### HOW TO COMPLETE THIS TASK
Without including any pictures, reproduce all the lines below word for word.

───── MATERIAL FOR THIS EXERCISE ─────

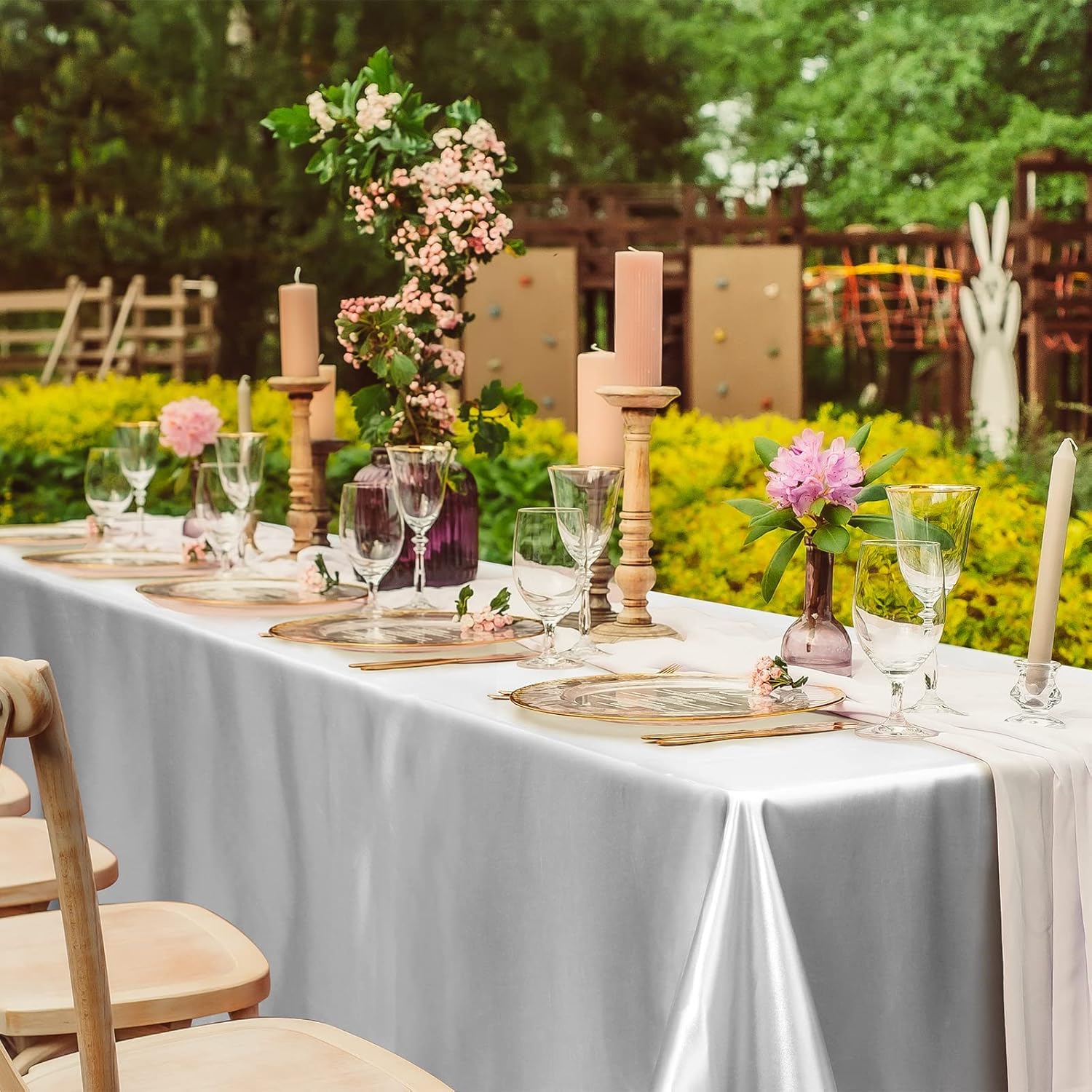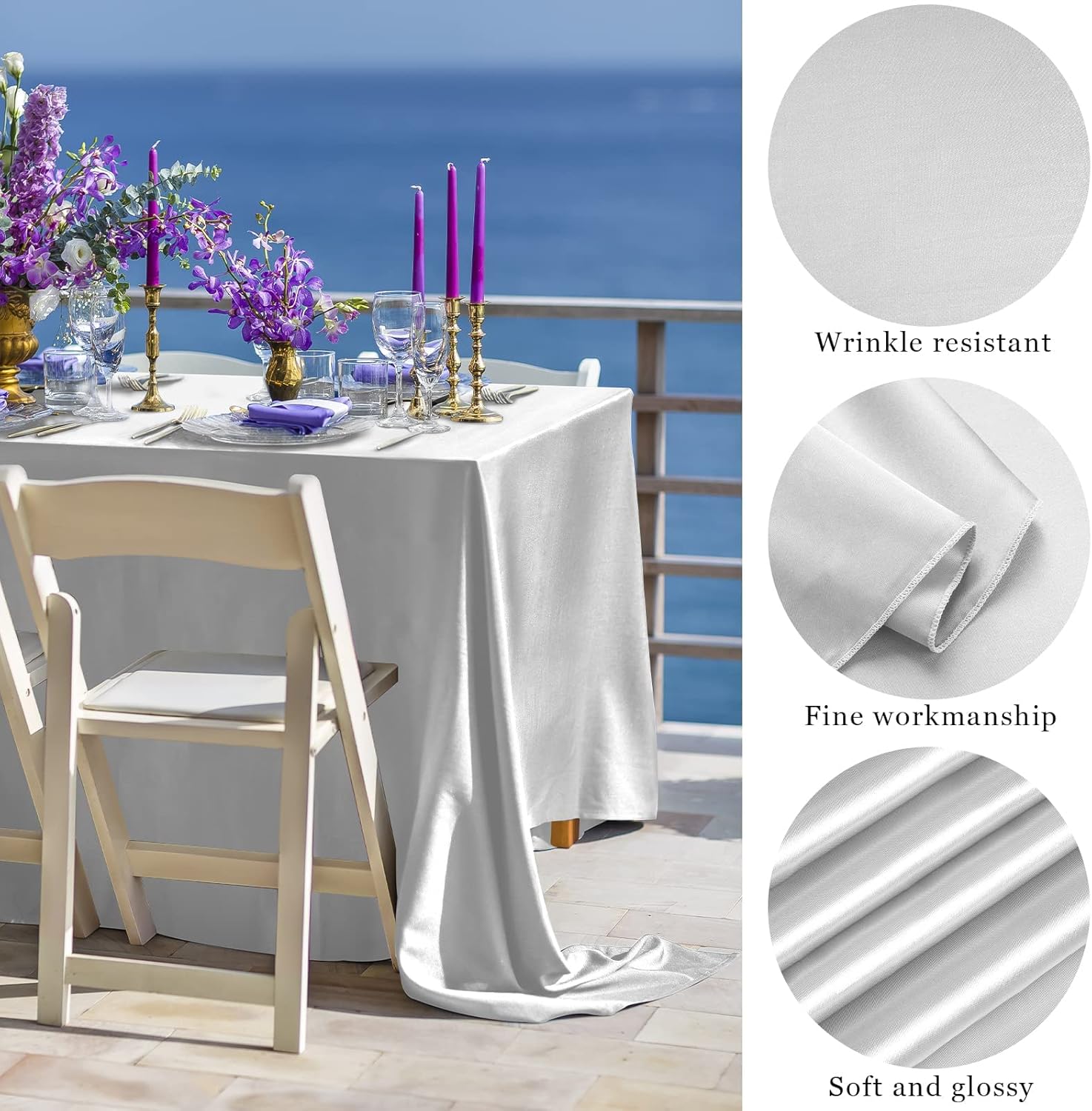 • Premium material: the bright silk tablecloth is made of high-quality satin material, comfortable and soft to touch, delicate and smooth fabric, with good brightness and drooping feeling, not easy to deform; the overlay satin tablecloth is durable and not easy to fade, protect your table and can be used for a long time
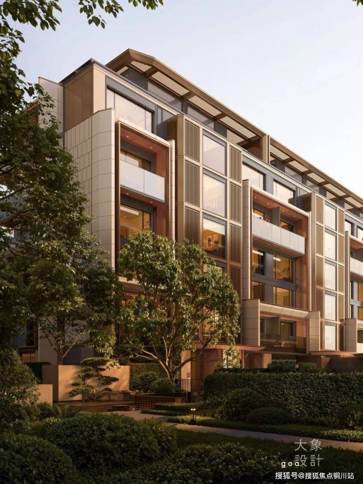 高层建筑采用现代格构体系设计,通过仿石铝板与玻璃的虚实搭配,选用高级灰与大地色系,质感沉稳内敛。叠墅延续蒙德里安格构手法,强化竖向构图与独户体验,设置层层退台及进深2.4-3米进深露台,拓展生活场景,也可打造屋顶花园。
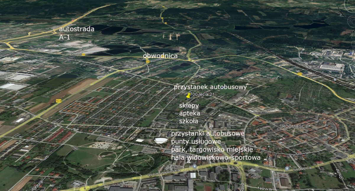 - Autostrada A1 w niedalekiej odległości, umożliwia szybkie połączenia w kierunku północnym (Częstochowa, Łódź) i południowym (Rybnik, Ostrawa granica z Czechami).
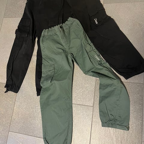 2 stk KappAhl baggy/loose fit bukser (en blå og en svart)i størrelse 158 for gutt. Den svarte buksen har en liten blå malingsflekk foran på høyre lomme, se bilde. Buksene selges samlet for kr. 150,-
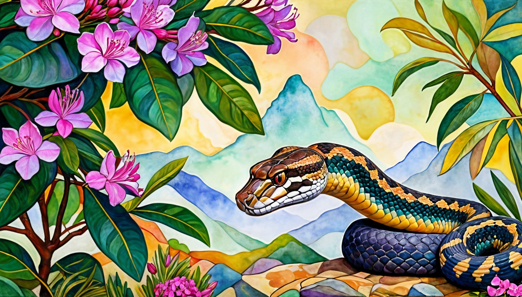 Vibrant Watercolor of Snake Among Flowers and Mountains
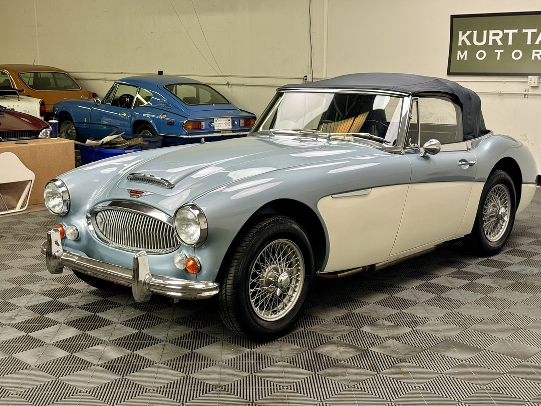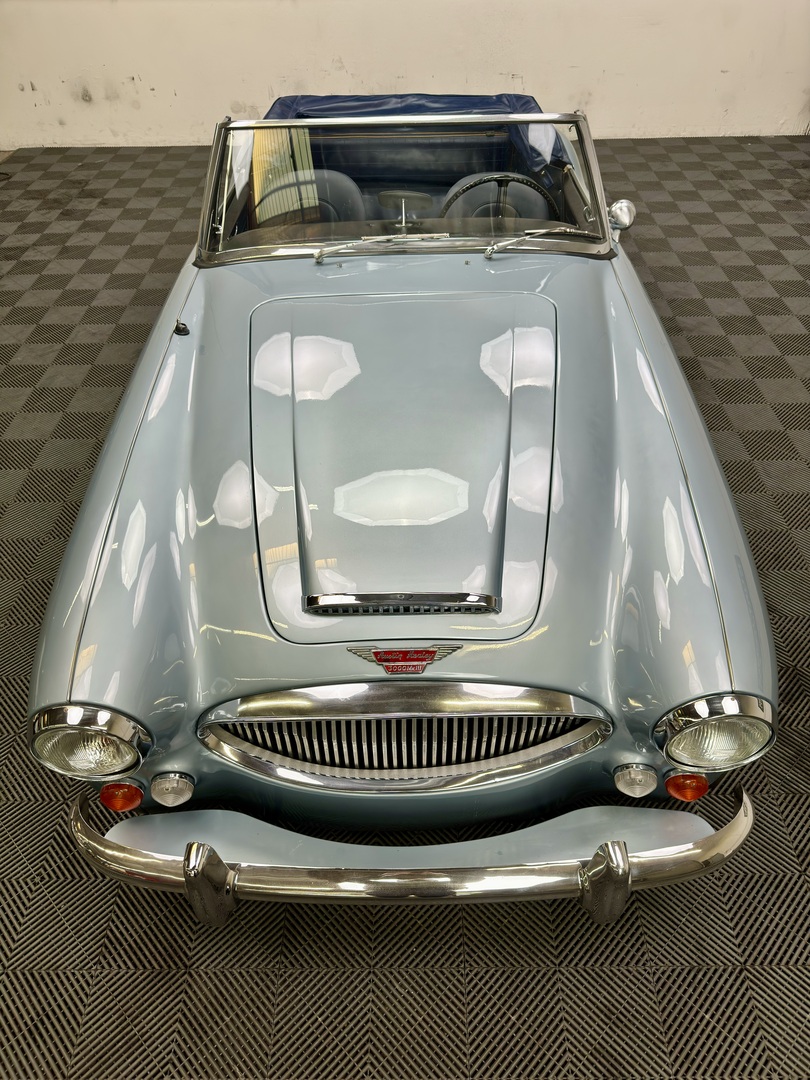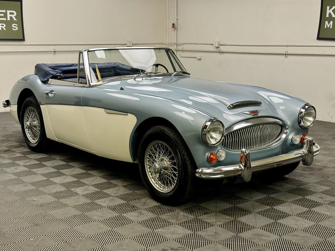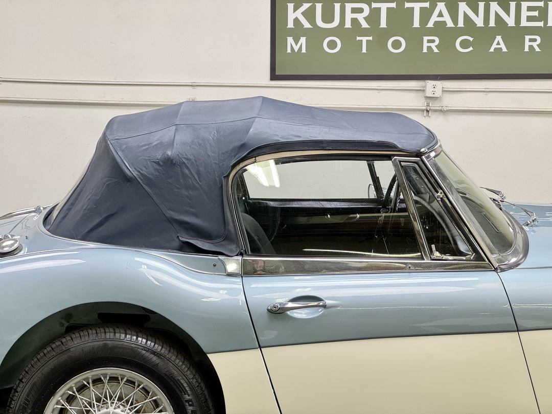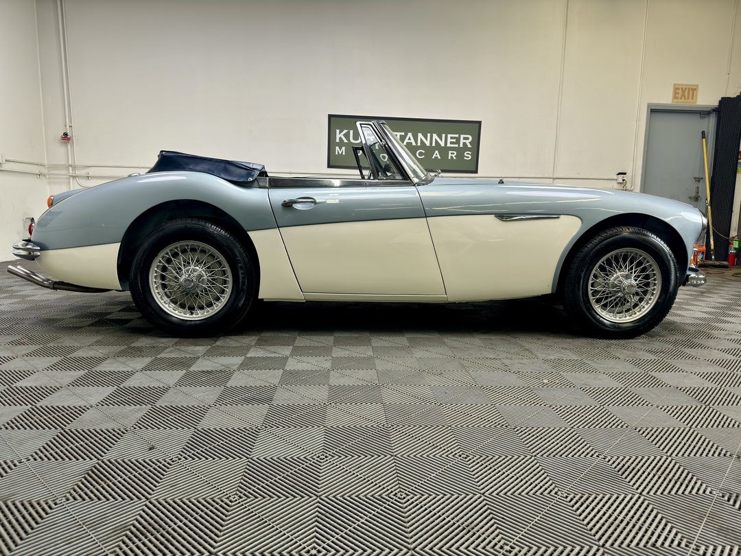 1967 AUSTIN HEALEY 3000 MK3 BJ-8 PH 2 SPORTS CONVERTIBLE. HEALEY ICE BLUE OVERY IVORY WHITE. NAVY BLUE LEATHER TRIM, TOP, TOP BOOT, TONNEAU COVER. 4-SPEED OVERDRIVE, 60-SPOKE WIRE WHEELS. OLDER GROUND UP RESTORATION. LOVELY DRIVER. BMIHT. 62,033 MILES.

─────

### TASK OUTPUT
 • Premium material: the bright silk tablecloth is made of high-quality satin material, comfortable and soft to touch, delicate and smooth fabric, with good brightness and drooping feeling, not easy to deform; the overlay satin tablecloth is durable and not easy to fade, protect your table and can be used for a long time
 高层建筑采用现代格构体系设计,通过仿石铝板与玻璃的虚实搭配,选用高级灰与大地色系,质感沉稳内敛。叠墅延续蒙德里安格构手法,强化竖向构图与独户体验,设置层层退台及进深2.4-3米进深露台,拓展生活场景,也可打造屋顶花园。
 - Autostrada A1 w niedalekiej odległości, umożliwia szybkie połączenia w kierunku północnym (Częstochowa, Łódź) i południowym (Rybnik, Ostrawa granica z Czechami).
 2 stk KappAhl baggy/loose fit bukser (en blå og en svart)i størrelse 158 for gutt. Den svarte buksen har en liten blå malingsflekk foran på høyre lomme, se bilde. Buksene selges samlet for kr. 150,-
 Vibrant Watercolor of Snake Among Flowers and Mountains
 1967 AUSTIN HEALEY 3000 MK3 BJ-8 PH 2 SPORTS CONVERTIBLE. HEALEY ICE BLUE OVERY IVORY WHITE. NAVY BLUE LEATHER TRIM, TOP, TOP BOOT, TONNEAU COVER. 4-SPEED OVERDRIVE, 60-SPOKE WIRE WHEELS. OLDER GROUND UP RESTORATION. LOVELY DRIVER. BMIHT. 62,033 MILES.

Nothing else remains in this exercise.